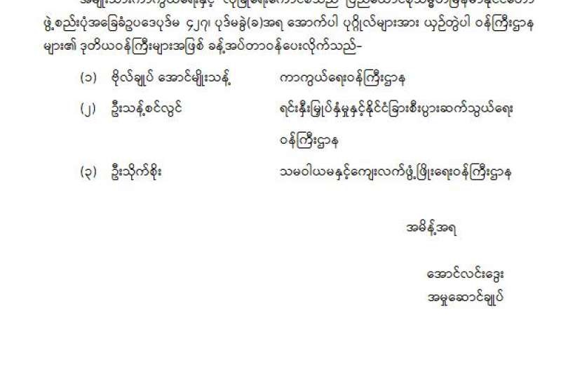 ဒုတိယဝန်ကြီးများ ခန့်အပ်တာဝန်ပေးခြင်း
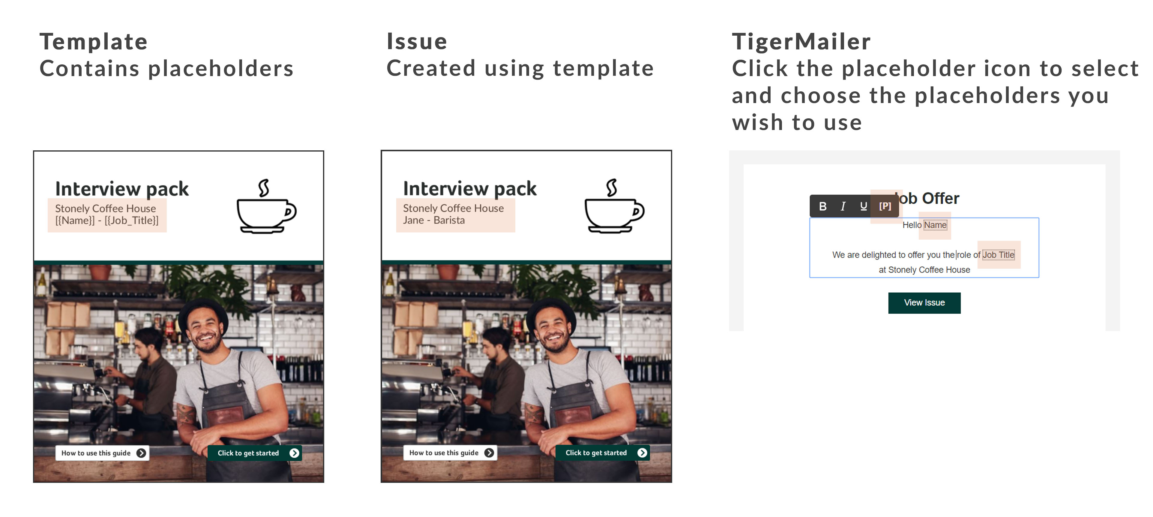 If you are using TigerMailer to distribute a version that was created from a template with placeholders, the same placeholders can be used in the mailing.
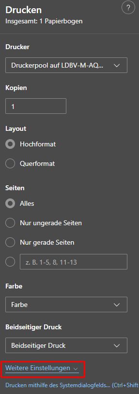 - Rechte Maustaste drücken → Drucken oder Tastenkombination Strg + P
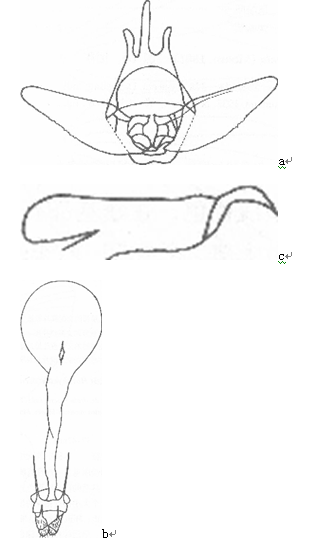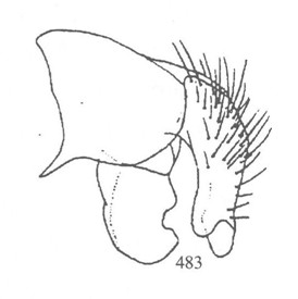 形态 ♂:体长7.4mm。眼疏生短纤毛;额约等于触角第三节宽;侧额大部接触,间额消失;下眶鬃达于单眼三角,无上眶鬃;侧颜约等于或狭于触角第三节宽;触角暗
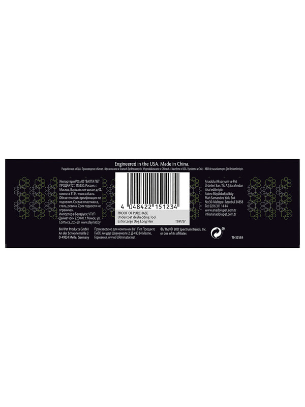 Инструмент FURminator (Фурминатор) XL 121 мм (длина рабочей поверхности).Отлично подойдет для гигантских собак с длинной шерстью. Уникальное лезвие захватывает и вытаскивает мертвые волоски подшерстка до их выпадения, сокращая линьку до 90%. Инструмент экономит ваше время, сохраняет здоровье кожи и шерсти, не повреждает остевой волос и предупреждает образование комков шерсти в желудке кошек. Вы забудете о выпавшей шерсти на полу, одежде и мебели. Кнопка самоочистки легко сбрасывает шерсть с инструмента.Защелкните ее для защиты в процессе хранения. Защитные края предупреждают давление на кожу.
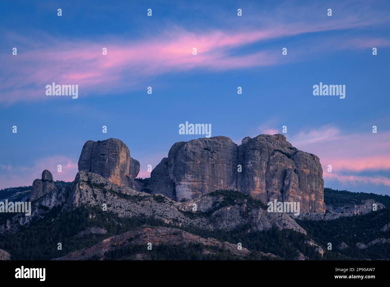 Coucher de soleil printanier sur les rochers des Roques de dans

________

◆ YOUR GOAL
A verbatim reproduction is expected: starting at the line above that has "If you are using", ending at the line that has "形态 ♂:体长7.4mm。眼", both included, and with no pictures and no other lines.

◆ TASK RESPONSE
 If you are using TigerMailer to distribute a version that was created from a template with placeholders, the same placeholders can be used in the mailing.
 - Rechte Maustaste drücken → Drucken oder Tastenkombination Strg + P
 形态 ♂:体长7.4mm。眼疏生短纤毛;额约等于触角第三节宽;侧额大部接触,间额消失;下眶鬃达于单眼三角,无上眶鬃;侧颜约等于或狭于触角第三节宽;触角暗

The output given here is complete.